Not the little breeds, from another thread here recently.  Even the babies of unregistered does are not registered as purebred in the first generation, and they do have to conform to breed standards.

Here's the thread:  http://www.backyardherds.com/forum/viewtopic.php?id=7035


----------



## rebelINny (Nov 29, 2010)

You can get them registered as grade does with IDGR, and then breed them to a registered buck and eventually you will get purebred goats again if you keep breeding the grade does to a registered buck that they have the most breed of. Like if your doe is a 50/50 of Alpine and Nubian you can breed to a registered buck of either of those breeds and then their kids will be one step closer to purebred. You can also get a 50/50 dairy goat like the example above registered as Experimental.


----------



## Ariel301 (Nov 29, 2010)

ADGA will register female goats as "Native on Appearance" if they meet the breed standard but are of unknown breed origin/unregistered parents. They will not register males this way. 
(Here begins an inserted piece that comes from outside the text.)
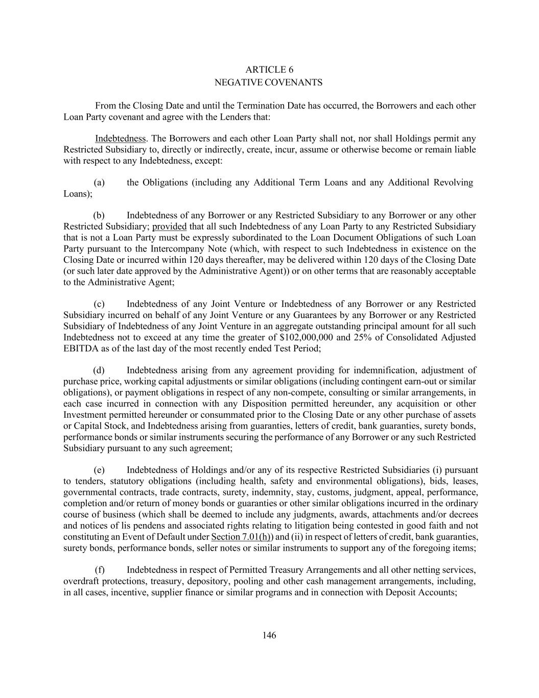 146 ARTICLE 6 NEGATIVE COVENANTS From the Closing Date and until the Termination Date has occurred, the Borrowers and each other Loan Party covenant and agree with the Lenders that: Indebtedness. The Borrowers and each other Loan Party shall not, nor shall Holdings permit any Restricted Subsidiary to, directly or indirectly, create, incur, assume or otherwise become or remain liable with respect to any Indebtedness, except: (a) the Obligations (including any Additional Term Loans and any Additional Revolving Loans); (b) Indebtedness of any Borrower or any Restricted Subsidiary to any Borrower or any other Restricted Subsidiary; provided that all such Indebtedness of any Loan Party to any Restricted Subsidiary that is not a Loan Party must be expressly subordinated to the Loan Document Obligations of such Loan Party pursuant to the Intercompany Note (which, with respect to such Indebtedness in existence on the Closing Date or incurred within 120 days thereafter, may be delivered within 120 days of the Closing Date (or such later date approved by the Administrative Agent)) or on other terms that are reasonably acceptable to the Administrative Agent; (c) Indebtedness of any Joint Venture or Indebtedness of any Borrower or any Restricted Subsidiary incurred on behalf of any Joint Venture or any Guarantees by any Borrower or any Restricted Subsidiary of Indebtedness of any Joint Venture in an aggregate outstanding principal amount for all such Indebtedness not to exceed at any time the greater of $102,000,000 and 25% of Consolidated Adjusted EBITDA as of the last day of the most recently ended Test Period; (d) Indebtedness arising from any agreement providing for indemnification, adjustment of purchase price, working capital adjustments or similar obligations (including contingent earn-out or similar obligations), or payment obligations in respect of any non-compete, consulting or similar arrangements, in each case incurred in connection with any Disposition permitted hereunder, any acquisition or other Investment permitted hereunder or consummated prior to the Closing Date or any other purchase of assets or Capital Stock, and Indebtedness arising from guaranties, letters of credit, bank guaranties, surety bonds, performance bonds or similar instruments securing the performance of any Borrower or any such Restricted Subsidiary pursuant to any such agreement; (e) Indebtedness of Holdings and/or any of its respective Restricted Subsidiaries (i) pursuant to tenders, statutory obligations (including health, safety and environmental obligations), bids, leases, governmental contracts, trade contracts, surety, indemnity, stay, customs, judgment, appeal, performance, completion and/or return of money bonds or guaranties or other similar obligations incurred in the ordinary course of business (which shall be deemed to include any judgments, awards, attachments and/or decrees and notices of lis pendens and associated rights relating to litigation being contested in good faith and not constituting an Event of Default under Section 7.01(h)) and (ii) in respect of letters of credit, bank guaranties, surety bonds, performance bonds, seller notes or similar instruments to support any of the foregoing items; (f) Indebtedness in respect of Permitted Treasury Arrangements and all other netting services, overdraft protections, treasury, depository, pooling and other cash management arrangements, including, in all cases, incentive, supplier finance or similar programs and in connection with Deposit Accounts;

IDGR will register both grade does and bucks if they conform to the standard for their breed. I have a buck registered with them as a grade, his sire was purebred and ADGA registered and his dam was also purebred but somehow lost her pedigree and never got registered, then a friend of mine bought her and had her registered with ADGA as a NOA grade. ADGA would not register my buckling because his dam was grade, making him also grade, so I went with IDGR for him.


----------



## helmstead (Nov 29, 2010)

Ariel301 said:
			
		

> ADGA will register female goats as "Native on Appearance" if they meet the breed standard but are of unknown breed origin/unregistered parents. They will not register males this way.


NOT with Nigerians...nope nope.


----------